Illinois assigns points based on conviction severity under the Traffic and Vehicles Chapter 625 ILCS 5/6-206. Speeding 1-10 mph over the limit adds 5 points. Speeding 11-14 mph over adds 15 points. Speeding 15-25 mph over adds 20 points, and any speed 26 mph or more over the limit adds 50 points. Disobeying a traffic control device, improper lane usage, and following too closely each add 20 points. Reckless driving adds 55 points. Points accumulate on the conviction date, not the citation date. A ticket issued in March but not adjudicated until May counts from May for both the rolling 12-month suspension window and the carrier's surcharge calculation. The state does not remove points through defensive driving courses — Illinois uses conviction-based suspension triggers, and once a conviction posts, it remains on the abstract for the duration of the lookback period. Carriers apply their own point schedules independent of the state system. A 20-point state violation may trigger a 2-tier surcharge increase with one carrier and a 3-tier increase with another. The abstract shows state points, but your rate depends on the carrier's internal underwriting grid. Progressive and State Farm publish surcharge tables by violation type; most other carriers treat point assignments as proprietary.

When Points Trigger Suspension and What Happens Next

Illinois suspends your license when you accumulate 3 convictions within any 12-month rolling window, regardless of total point value. The suspension period ranges from 1 month for a first offense to 12 months for repeat offenders. The Secretary of State mails a suspension notice 30 days before the effective date, and the notice specifies the conviction dates that triggered the suspension plus the reinstatement requirements. Reinstatement after a points-based suspension requires a $70 reinstatement fee, proof of insurance (SR-22 filing is not required unless the suspension involved DUI or uninsured operation), and completion of any remedial courses ordered by the hearing officer. Defensive driving courses do not remove convictions or reduce point totals, but the Secretary of State may offer a restricted driving permit during the suspension period if you qualify under hardship criteria. Carriers learn about suspensions when they pull your motor vehicle record at renewal or during a scheduled monitoring check. A suspension triggers an immediate policy review — most preferred carriers non-renew after a suspension, and you'll move to the non-standard market where monthly premiums for state minimum liability coverage typically range from $180 to $320 depending on violation history and zip code.

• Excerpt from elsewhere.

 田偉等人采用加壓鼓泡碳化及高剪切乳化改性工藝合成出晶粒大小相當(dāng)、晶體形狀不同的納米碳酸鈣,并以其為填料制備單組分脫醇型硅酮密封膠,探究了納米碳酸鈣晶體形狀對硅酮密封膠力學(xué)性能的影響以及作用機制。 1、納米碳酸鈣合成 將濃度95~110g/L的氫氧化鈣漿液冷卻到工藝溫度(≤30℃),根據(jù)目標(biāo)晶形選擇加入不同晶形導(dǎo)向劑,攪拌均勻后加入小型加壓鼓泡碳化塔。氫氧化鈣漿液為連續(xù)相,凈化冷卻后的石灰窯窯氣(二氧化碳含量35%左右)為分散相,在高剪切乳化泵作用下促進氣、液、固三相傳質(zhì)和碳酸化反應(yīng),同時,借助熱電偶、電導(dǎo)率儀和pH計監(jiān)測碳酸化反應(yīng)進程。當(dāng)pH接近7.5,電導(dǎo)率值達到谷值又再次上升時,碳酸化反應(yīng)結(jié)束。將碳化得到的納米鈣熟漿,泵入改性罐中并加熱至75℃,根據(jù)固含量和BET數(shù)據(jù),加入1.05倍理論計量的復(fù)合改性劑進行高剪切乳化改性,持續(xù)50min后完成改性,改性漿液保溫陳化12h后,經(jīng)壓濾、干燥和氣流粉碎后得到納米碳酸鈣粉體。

How Long Violations Affect Your Insurance Rate After Points Are Assigned

Convictions remain on the Illinois Secretary of State abstract for 4 to 5 years depending on severity, but carriers apply surcharges based on their own lookback windows. Most preferred and standard carriers surcharge moving violations for 3 years from the conviction date. Non-standard carriers extend lookbacks to 5 years for major violations like reckless driving or speed contests. A single speeding ticket of 15-25 mph over the limit typically raises premiums 25-40% for 3 years. The surcharge applies at each renewal during that window unless you switch carriers and the new underwriter applies a shorter lookback. State Farm and Allstate both use 3-year surcharge periods; Progressive applies tiered surcharges that decay after 2 years for minor violations but persist for 3 years on major ones. The state record and the insurance record operate on different clocks. A conviction may fall off the Secretary of State's 12-month suspension calculation but remain surchargeable on your policy for an additional 24 months. Checking your abstract 90 days before renewal lets you confirm whether violations have aged past the carrier's lookback threshold — if they have, request a manual re-rate, because automatic renewals often carry forward outdated surcharges until you force underwriting to pull a fresh abstract.

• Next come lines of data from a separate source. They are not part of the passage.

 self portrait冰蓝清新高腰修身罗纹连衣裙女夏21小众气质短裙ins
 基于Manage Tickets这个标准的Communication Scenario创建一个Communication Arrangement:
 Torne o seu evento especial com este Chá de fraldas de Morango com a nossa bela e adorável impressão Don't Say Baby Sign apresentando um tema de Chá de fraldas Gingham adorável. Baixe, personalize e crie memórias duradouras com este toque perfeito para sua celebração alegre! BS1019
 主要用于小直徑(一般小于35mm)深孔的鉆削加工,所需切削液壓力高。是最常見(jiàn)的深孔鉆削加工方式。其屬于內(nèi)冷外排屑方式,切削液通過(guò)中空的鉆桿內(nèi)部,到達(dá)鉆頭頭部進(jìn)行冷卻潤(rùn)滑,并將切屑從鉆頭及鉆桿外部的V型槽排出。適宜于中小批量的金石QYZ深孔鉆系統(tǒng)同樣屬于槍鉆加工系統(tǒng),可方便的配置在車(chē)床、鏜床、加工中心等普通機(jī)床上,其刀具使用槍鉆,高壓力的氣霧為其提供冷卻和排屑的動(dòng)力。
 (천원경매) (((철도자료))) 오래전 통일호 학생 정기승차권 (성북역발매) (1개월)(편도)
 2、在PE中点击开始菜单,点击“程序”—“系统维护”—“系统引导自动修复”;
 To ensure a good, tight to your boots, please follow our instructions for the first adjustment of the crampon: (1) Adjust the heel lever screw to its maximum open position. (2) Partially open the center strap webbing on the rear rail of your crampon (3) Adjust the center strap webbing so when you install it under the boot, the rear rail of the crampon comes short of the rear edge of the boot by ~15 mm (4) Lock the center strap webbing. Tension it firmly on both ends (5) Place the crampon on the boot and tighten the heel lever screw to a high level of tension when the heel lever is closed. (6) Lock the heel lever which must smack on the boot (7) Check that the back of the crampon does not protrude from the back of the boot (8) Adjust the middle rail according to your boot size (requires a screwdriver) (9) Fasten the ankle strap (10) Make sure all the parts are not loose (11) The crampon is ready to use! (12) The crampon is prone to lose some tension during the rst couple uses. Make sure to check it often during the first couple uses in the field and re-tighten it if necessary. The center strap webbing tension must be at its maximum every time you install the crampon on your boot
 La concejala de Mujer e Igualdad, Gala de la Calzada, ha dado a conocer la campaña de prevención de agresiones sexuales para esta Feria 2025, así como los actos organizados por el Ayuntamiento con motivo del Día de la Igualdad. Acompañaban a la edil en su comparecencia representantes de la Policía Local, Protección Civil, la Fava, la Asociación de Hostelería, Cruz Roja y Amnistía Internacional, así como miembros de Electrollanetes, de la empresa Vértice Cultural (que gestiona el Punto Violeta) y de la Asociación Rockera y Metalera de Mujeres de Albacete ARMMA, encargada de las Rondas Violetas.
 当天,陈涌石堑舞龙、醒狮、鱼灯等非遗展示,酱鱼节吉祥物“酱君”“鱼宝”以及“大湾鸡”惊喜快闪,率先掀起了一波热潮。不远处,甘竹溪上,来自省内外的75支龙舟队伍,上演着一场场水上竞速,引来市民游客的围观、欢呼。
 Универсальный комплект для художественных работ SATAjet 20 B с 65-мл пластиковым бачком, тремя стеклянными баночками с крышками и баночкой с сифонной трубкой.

What to Do If Your Point Total Shows You're Near the Suspension Threshold

If your abstract shows 2 convictions within the past 12 months, calculate the rolling window carefully. Add 12 months to the oldest conviction date — any new conviction before that anniversary triggers suspension. Contest the next ticket in court rather than paying the fine, because a conviction on the third ticket activates the suspension regardless of point value. Request a court supervision disposition if the violation qualifies. Illinois courts may offer supervision for first-time moving violations, which holds the conviction off your abstract if you complete the supervision period without additional tickets. Supervision does not remove points already assigned, but it prevents the third conviction from posting. Not all violations qualify — speeding 25+ mph over the limit and reckless driving typically do not. Switch to a carrier that underwrites multi-point drivers before the suspension hits. Non-standard carriers like The General, Acceptance, and Dairyland quote drivers with 2-3 moving violations without requiring clean records. Monthly liability premiums for drivers near suspension range from $145 to $280 in Illinois, compared to $95 to $160 for clean-record drivers with preferred carriers. Locking in coverage before suspension avoids the SR-22 filing requirement and the lapse penalty that comes with reinstatement after a suspended-license period.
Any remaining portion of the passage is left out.